### WORK TO COMPLETE
Below are the entries. Transcribe exactly the lines from the one with "This symposium is" through the one with "多忙で膨大なストレスを抱える", ends included, and leave out all others.

### INPUT

====

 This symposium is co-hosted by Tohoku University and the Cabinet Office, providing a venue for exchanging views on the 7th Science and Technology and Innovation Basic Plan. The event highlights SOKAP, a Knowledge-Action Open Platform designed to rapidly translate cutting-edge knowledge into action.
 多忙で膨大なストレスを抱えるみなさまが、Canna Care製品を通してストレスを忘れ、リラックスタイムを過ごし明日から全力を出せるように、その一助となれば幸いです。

====

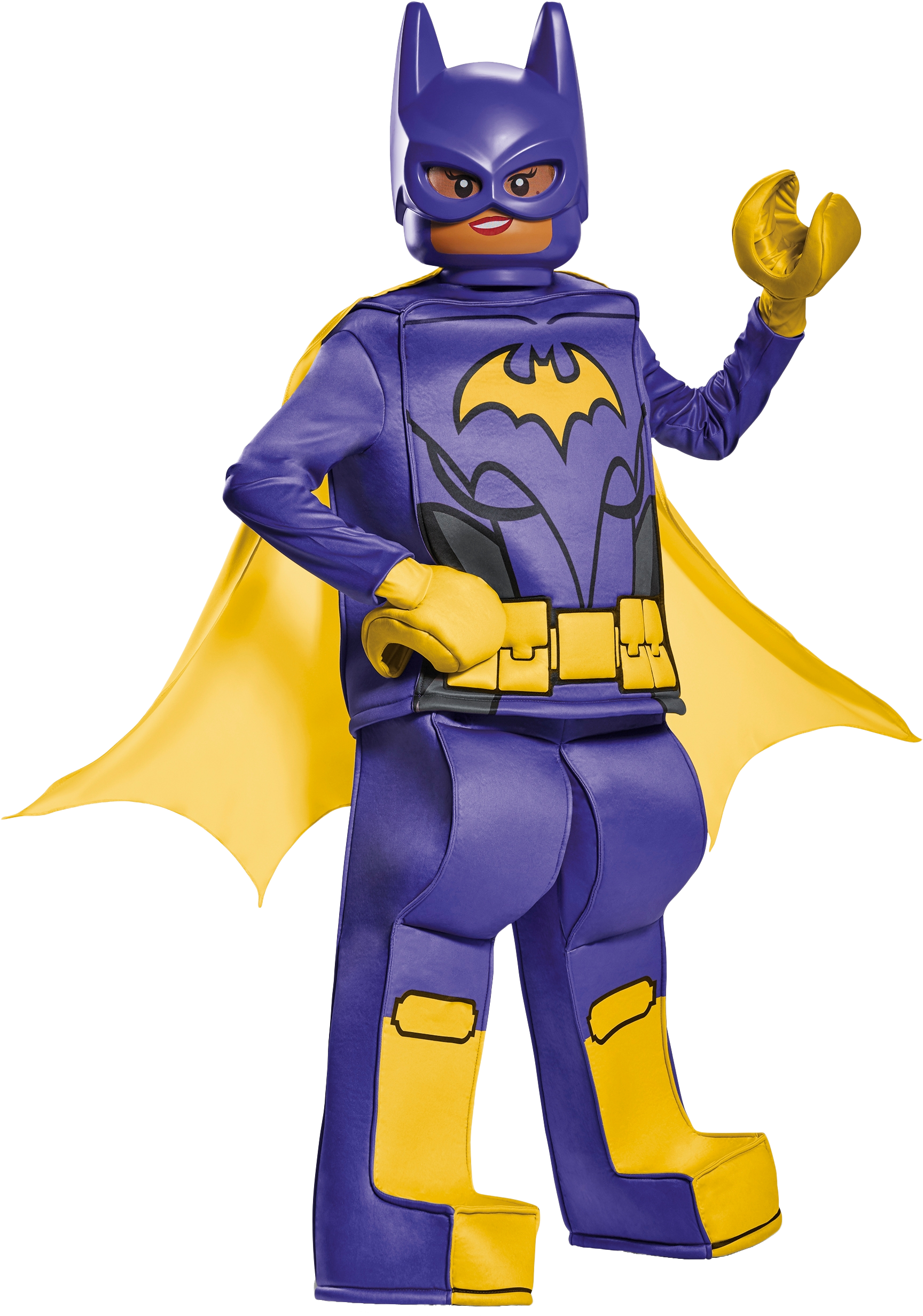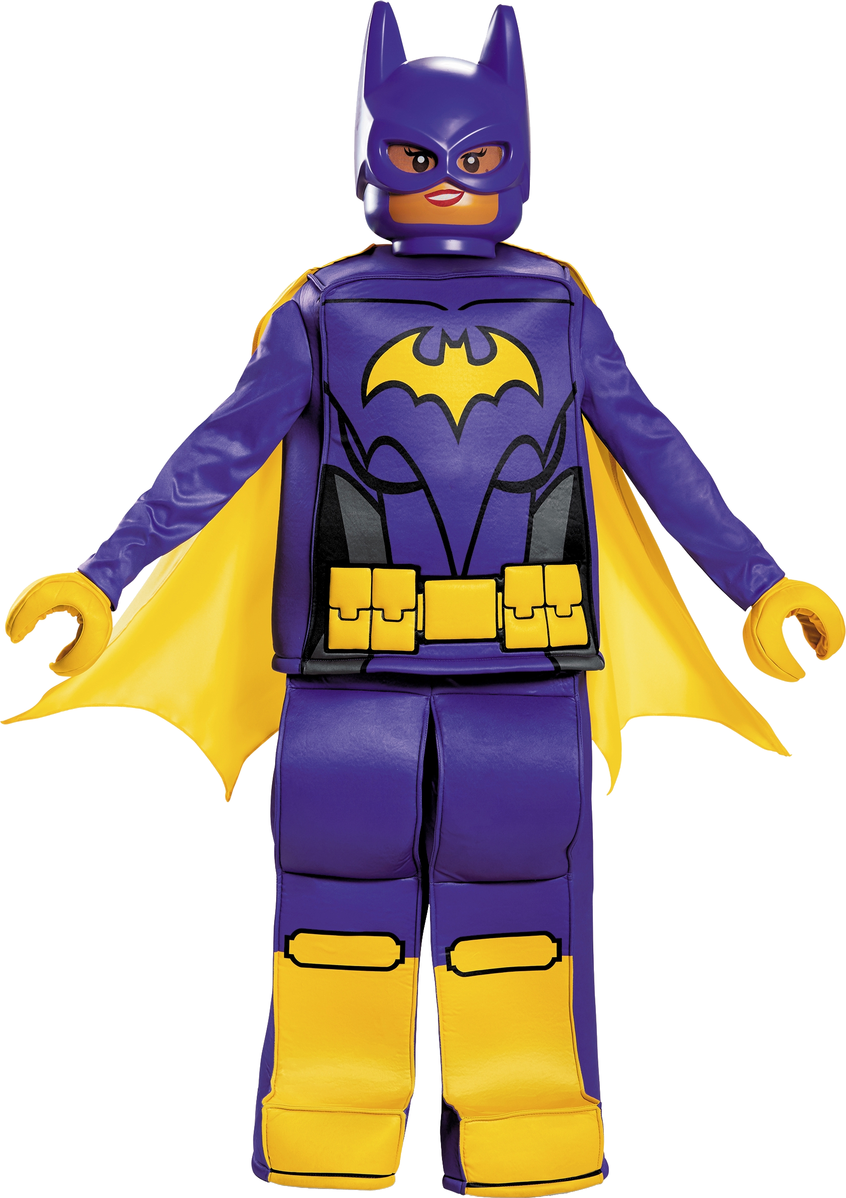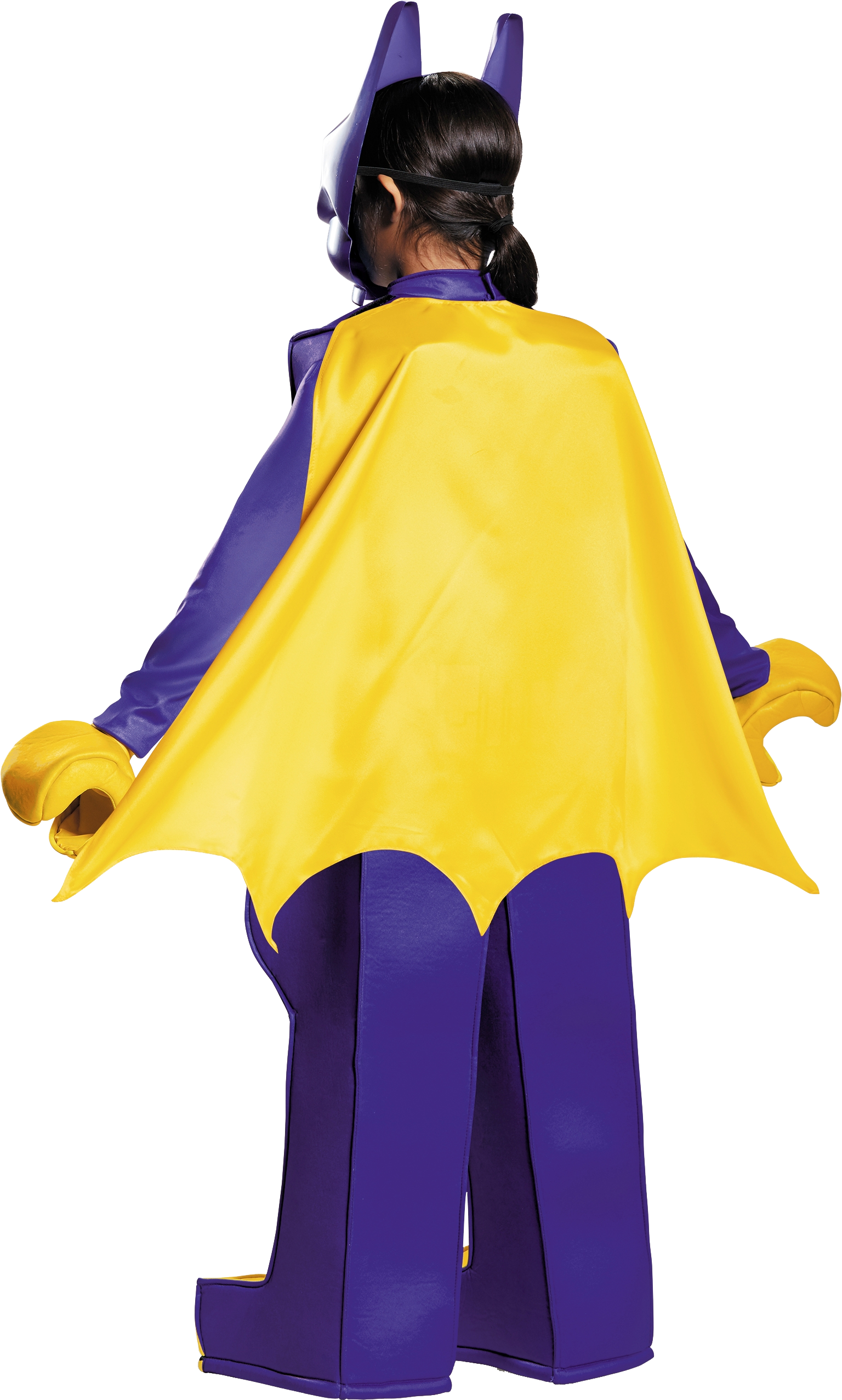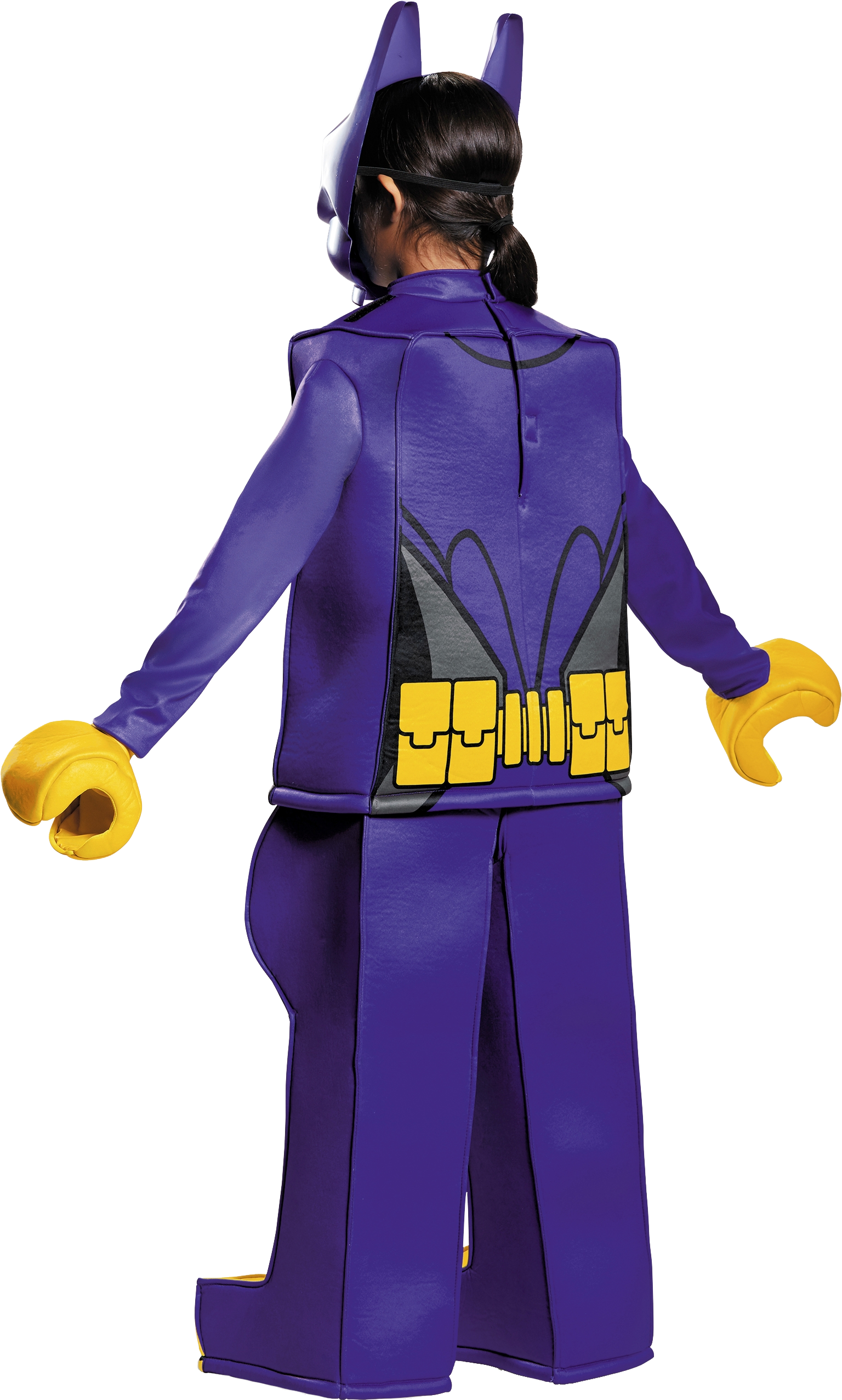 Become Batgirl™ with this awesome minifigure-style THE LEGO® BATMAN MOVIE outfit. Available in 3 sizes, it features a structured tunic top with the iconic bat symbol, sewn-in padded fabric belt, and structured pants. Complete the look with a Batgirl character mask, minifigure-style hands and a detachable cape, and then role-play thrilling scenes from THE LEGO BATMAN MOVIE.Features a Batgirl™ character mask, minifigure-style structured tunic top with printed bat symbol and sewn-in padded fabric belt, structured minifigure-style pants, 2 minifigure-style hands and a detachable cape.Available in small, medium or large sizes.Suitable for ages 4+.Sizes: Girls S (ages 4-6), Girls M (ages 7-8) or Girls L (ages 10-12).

====

### OUTPUT BELOW
 This symposium is co-hosted by Tohoku University and the Cabinet Office, providing a venue for exchanging views on the 7th Science and Technology and Innovation Basic Plan. The event highlights SOKAP, a Knowledge-Action Open Platform designed to rapidly translate cutting-edge knowledge into action.
 多忙で膨大なストレスを抱えるみなさまが、Canna Care製品を通してストレスを忘れ、リラックスタイムを過ごし明日から全力を出せるように、その一助となれば幸いです。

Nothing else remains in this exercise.